On March 10, 1803, Eaton boarded the USS Chesapeake. Disgraced as a diplomat, he was on the verge of ruin. He was returning home to his wife, financially devastated. This last twist was ironic, since Eaton had accepted the post of consul to Tunis in the hopes that he might make enough money to re-enter his marriage as the financial equal of Eliza, a widow of a wealthy Revolutionary War general. "[I hope] the hour is not far distant," he had written to her before the disaster, "when I may demonstrate to the world that it was not Mrs. Danielson's fortune but her person that Captain Eaton married."
In his official report, Morris stated that "[Eaton] appeared to be a man of lively imagination, rash, credulous. And by no means possessed of sound judgement."
Within two years, this disgraced diplomat would lead a band of eight marines, eight, and several hundred foreign mercenaries, the dregs of Alexandria, on a mad hopeless mission to march across the hell of the Libyan desert. He would try to finance the mission with the funds owed to him for ransoming Anna, the Italian slave girl. Thomas Jefferson would send Eaton on America's first covert military op overseas, to try to overthrow the government of Tripoli in order to free the three hundred American sailors enslaved there. This man on the verge of personal ruin, joined by his handful of marines, including violin-playing Presley O'Bannon, would surprise-attack Tripoli's second-largest city, and they would achieve a near miraculous victory. He would help stamp the then second-class service, the United States Marines, with a new reputation for courage.
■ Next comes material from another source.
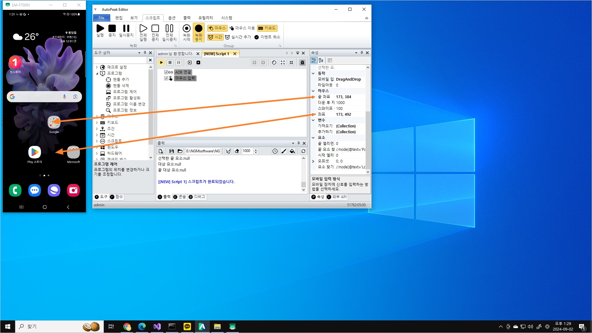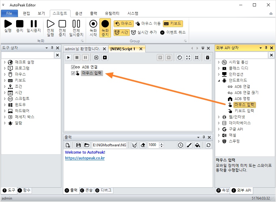 ADB 연결 액션 아래에 있는 마우스 입력 액션도 더블 클릭해서 같이 추가해주세요.
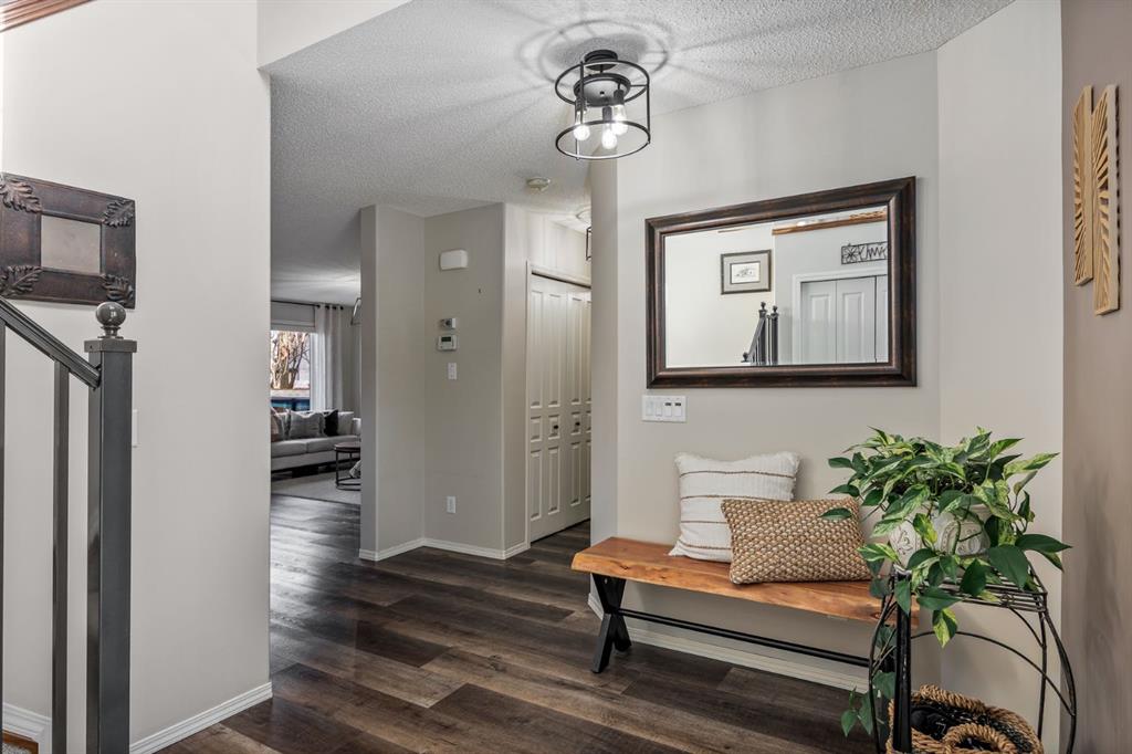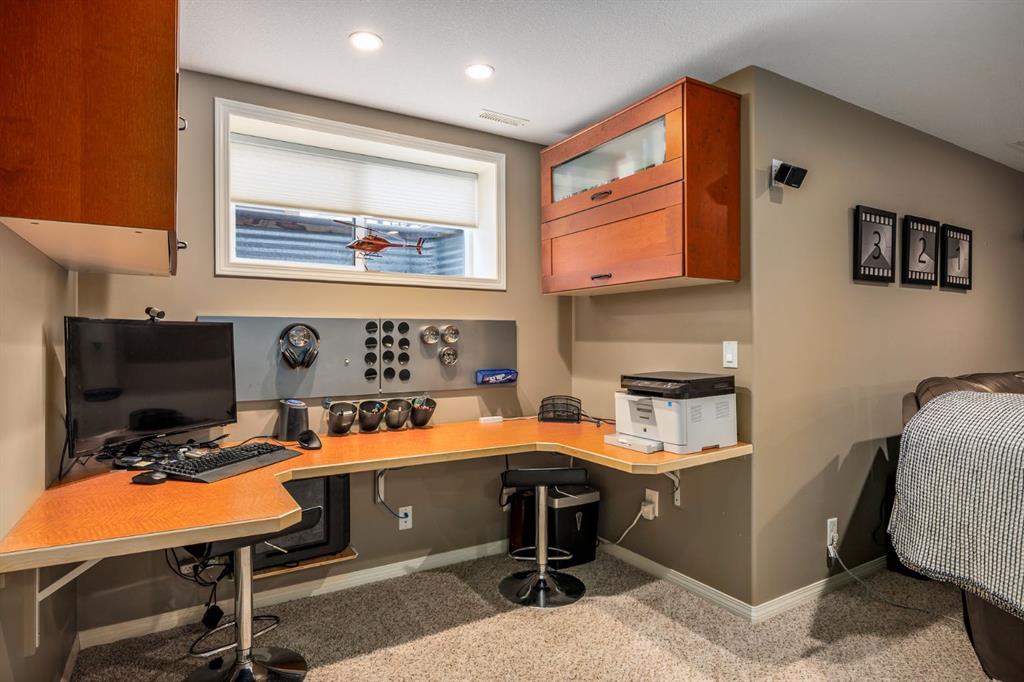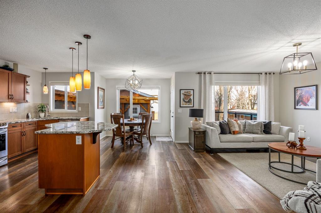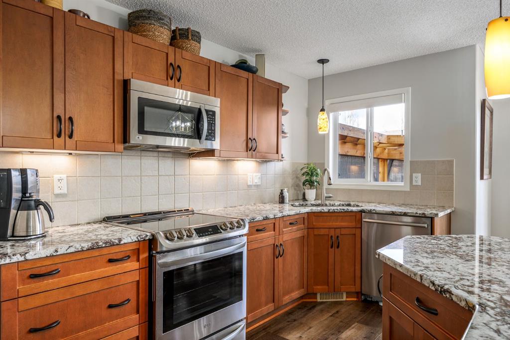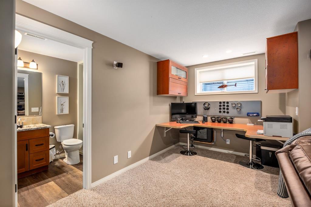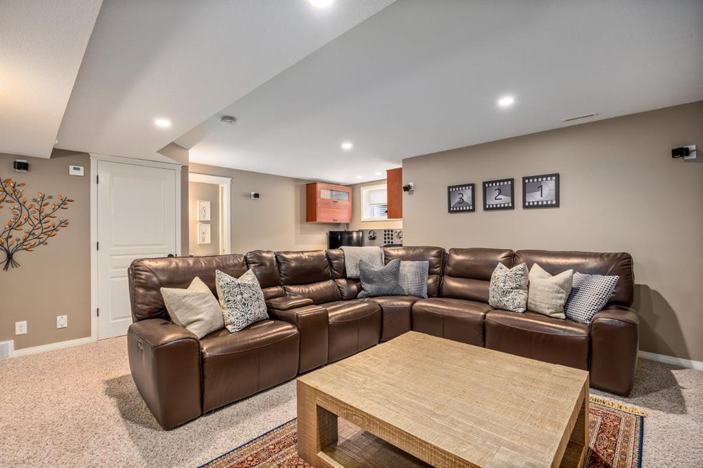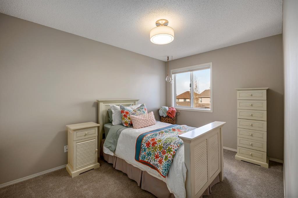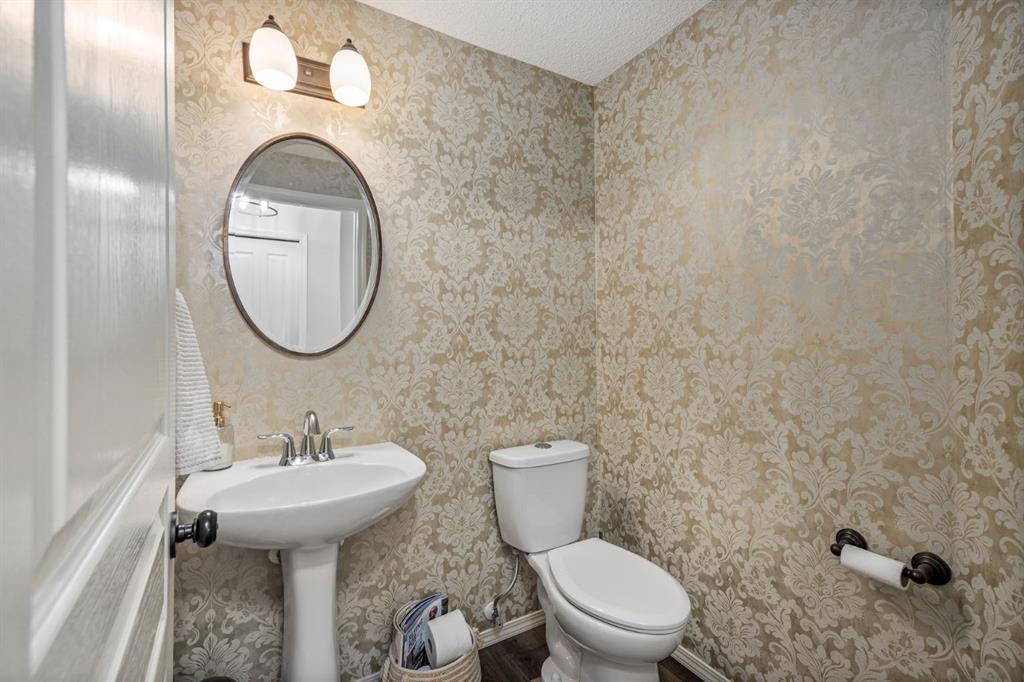 Step inside to a home that immediately feels inviting and thoughtfully finished. Designed for both comfort and everyday living, the space features luxury vinyl plank flooring and plush carpet throughout, paired with timeless granite countertops, Hunter Douglas blinds, and a cozy gas fireplace that anchors the main living area and sets the tone for the home. The kitchen is designed for ease with central vacuum and island kick, while main floor laundry adds everyday convenience. The fully developed basement expands your living space, perfect for movie nights, guests, or a home gym. Comfort and care shine throughout: air conditioning, new hot water tank (2022), new stove (2022), and furnaces that are professionally cleaned regularly with carpets cleaned annually. Storage is abundant with extra attic storage in the garage, plus a Vacuflo system. Step outside and you’ll find a backyard built for all seasons. Enjoy summer evenings on the two-tiered deck with cedar pergola and privacy shades, composite board landings, a propane rough-in for a fire pit on the lower patio, outdoor hot water bib, and hanging plant irrigation. There’s a shed, covered outdoor bicycle storage, and an extended driveway completed in 2024—perfect for extra parking or toys. This is more than a house—it’s a home that’s been loved, upgraded, and meticulously maintained. This beautifully maintained property offers the rare combination of a double attached garage complete with attic storage with a drop-down ladder plus a separate heated, fully finished single detached garage/shop—complete with electrical sub panel, more attic storage, alley access, and even a built-in basketball net on the concrete apron. Whether you’re dreaming of the ultimate man cave, workshop, or hobby space, this 200 sq ft heated shop (built in 2014) delivers. A rare opportunity in one of Airdrie’s most sought-after communities.

His exploits would lead future generations of Americans to sing proudly: "From the Halls of Montezuma to the shores of Tripoli, we will fight our country's battles on the land and on the sea."
In 1805, in the first decades of our North American experiment in democracy, when the nation's future prosperity was very much in doubt, William Eaton made one of the loudest statements to the world that the United States was not a country to be mocked or bullied. While politicians and military officers mouthed the same patriotic phrases, Eaton risked his life to back up his statements. He helped set a national tone of defiance and daring.
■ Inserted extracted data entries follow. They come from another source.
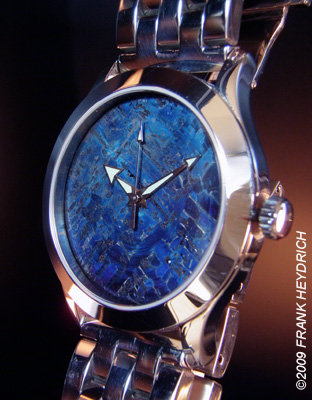 Dial: Frank Heydrich's own process for BLUE METEORITE™, made from Arizona's own Meteor Crater (see wikipedia Canyon Diablo Meteorite)
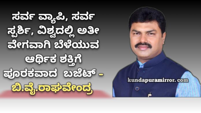 ಬೈಂದೂರು :ನರೇಂದ್ರ ಮೋದೀಜಿಯವರ ನೇತೃತ್ವದ ಕೇಂದ್ರ ಸರ್ಕಾರದ ವಿತ್ತ ಸಚಿವೆ ನಿರ್ಮಲಾ ಸೀತಾರಾಮನ್ ಅವರು ಸತತ 7ನೇ ಬಾರಿಗೆ ಮಂಡಿಸಿರುವ ಬಜೆಟ್ ಸರ್ವ ವ್ಯಾಪಿ, ಸರ್ವ ಸ್ಪರ್ಶಿಯಾಗಿದ್ದು, ದೇಶವು ವಿಶ್ವದಲ್ಲಿ ಆರ್ಥಿಕವಾಗಿ ಅತೀ ವೇಗವಾಗಿ ಬೆಳೆಯಲು ಪೂರಕವಾದ ಬಜೆಟ್ ಆಗಿದೆ. ಹಣದುಬ್ಬರ ಪ್ರಮಾಣವು ಕಳೆದ ವರ್ಷ 5.8% ಇದ್ದು, 4.5 % ಇಳಿಯುವಲ್ಲಿ ಈ ಬಜೆಟ್ ಸಹಕಾರಿಯಾಗಲಿದೆ. ಅಲ್ಲದೇ ಪ್ರಸ್ತುತ ಈಗಿರುವ 3 ಟ್ರಿಲಿಯನ್ ಆರ್ಥಿಕ ವ್ಯವಹಾರವು 5 ಟ್ರಿಲಿಯನ್ ಅಷ್ಟಾಗುವ ಎಲ್ಲಾ ನಿರೀಕ್ಷೆಯಿದ್ದು ಜಿಡಿಪಿ ಪ್ರಮಾಣವು ಶೇ. 6.5 ರಿಂದ 7 ಕ್ಕೆ ಏರಿಕೆಯಾಗುವುದಾಗಿ ಆರ್ಥಿಕ ತಜ್ಞರು ಅಭಿಪ್ರಾಯ ವ್ಯಕ್ತಪಡಿಸಿದ್ದಾರೆ.
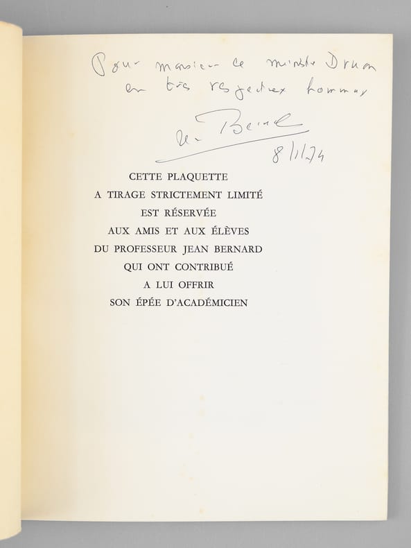 Envoi du Professeur Jean Bernard "Pour Monsieur le Ministre Druon, en très respectueux hommage". Bon état.
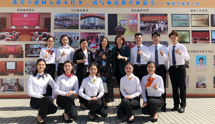 本网讯 10月26-28日,我校汉语言文学专业接受了教育部高等教育教学评估中心组织的第二级师范类专业认证进校考查。在认证期间,我校通过组织教师教育成果展向专家组展示了我校在招生宣传、教学制度、学生成长、师范生培养和就业引导等方面的相关工作。担任展板讲解员的学生均来自我校各二级学院的传统师范专业,他们经过认证基本知识、讲解内容及表达、讲解员礼仪等相关培训,以及数次的彩排,最终以最佳的精神面貌站在了专家组及校领导的面前。
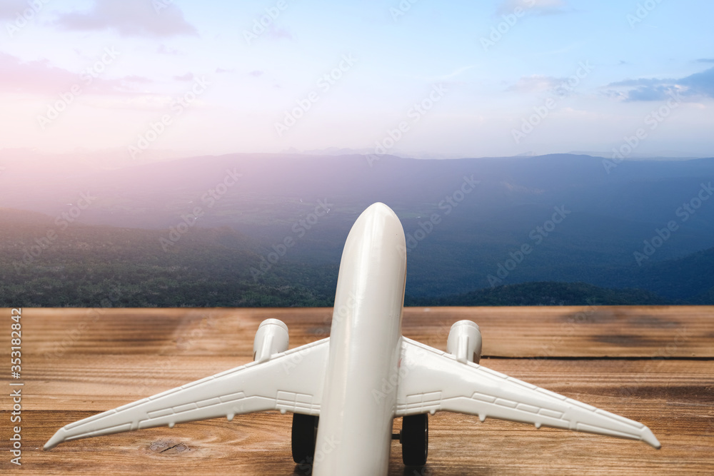 Mountain landscape with a view of the forest and white model of passenger plane on old wooden background. Travel saving and planning concept
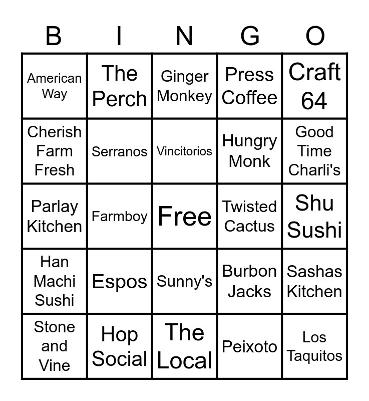This bingo card has a free space and 24 words: Espos, Hop Social, Vincitorios, Stone and Vine, Craft 64, American Way, Cherish Farm Fresh, The Perch, Twisted Cactus, Sunny's, Hungry Monk, Parlay Kitchen, Burbon Jacks, Sashas Kitchen, Serranos, Peixoto, Shu Sushi, Ginger Monkey, Good Time Charli's, Farmboy, Los Taquitos, Han Machi Sushi, Press Coffee and The Local.
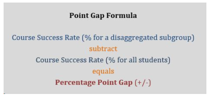 Equity gaps are identified using a statistical approach known as the percentage point gap method. This method allows institutions to compare outcomes (course success rates) between disaggregated student subgroups and a reference or comparison group. This comparison group is often the overall student population or the highest-performing group. The percentage point gap method makes it possible to “compare the course success rate for a disaggregated subgroup to the course success rate for a comparison group.”
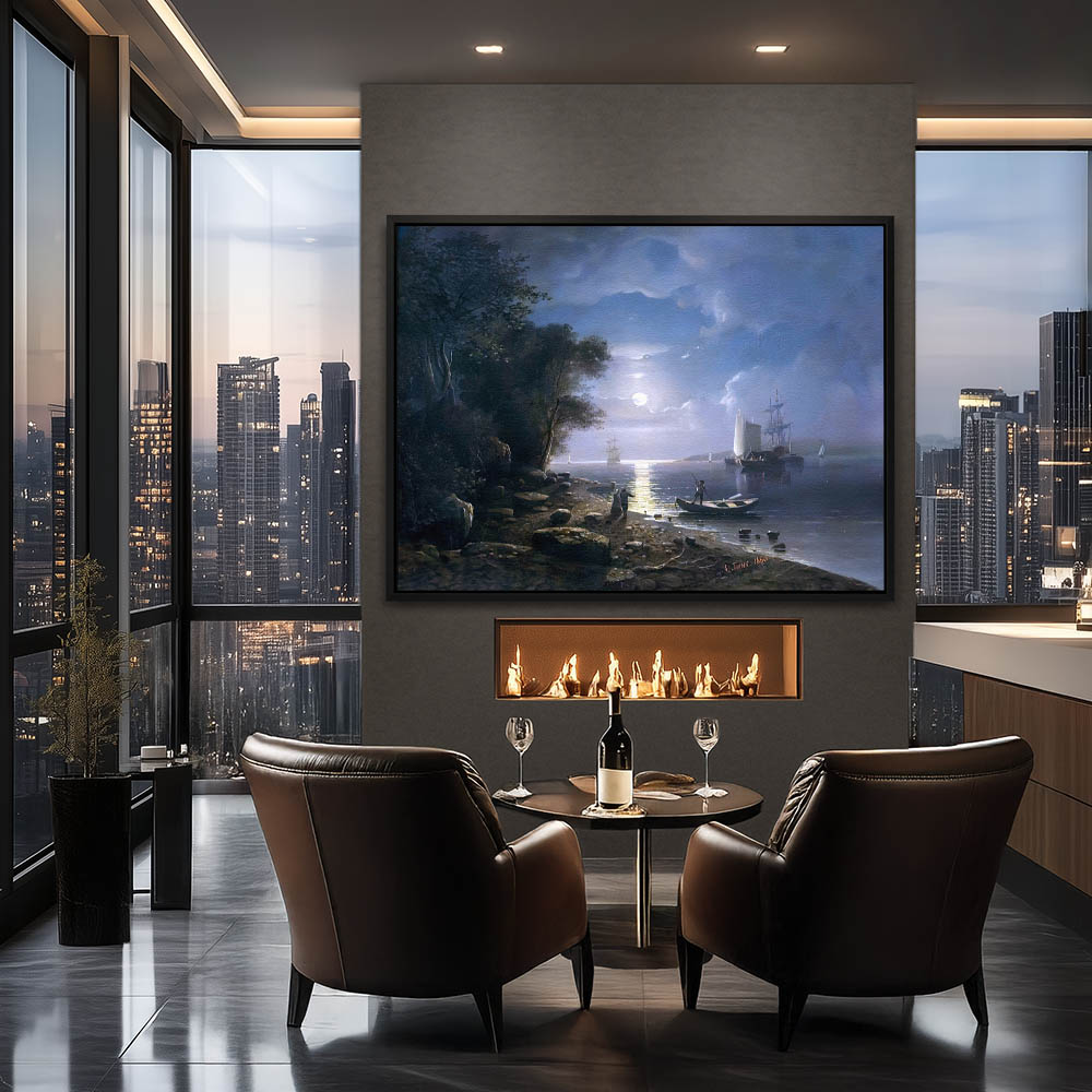 Coastal Painting Under Moonlight with Figures Boats and the Sea

But in William Eaton's flinty outspokenness and fearlessness, there lurked the seeds of his own destruction. Thomas Jefferson could not abide the man's relentless belligerence. The aftermath of victory in Tripoli for Eaton would be less than sweet. After taking on Tripoli and the Barbary pirates, he would challenge and defy Thomas Jefferson. It would be a battle between unequals, and no good can come of that.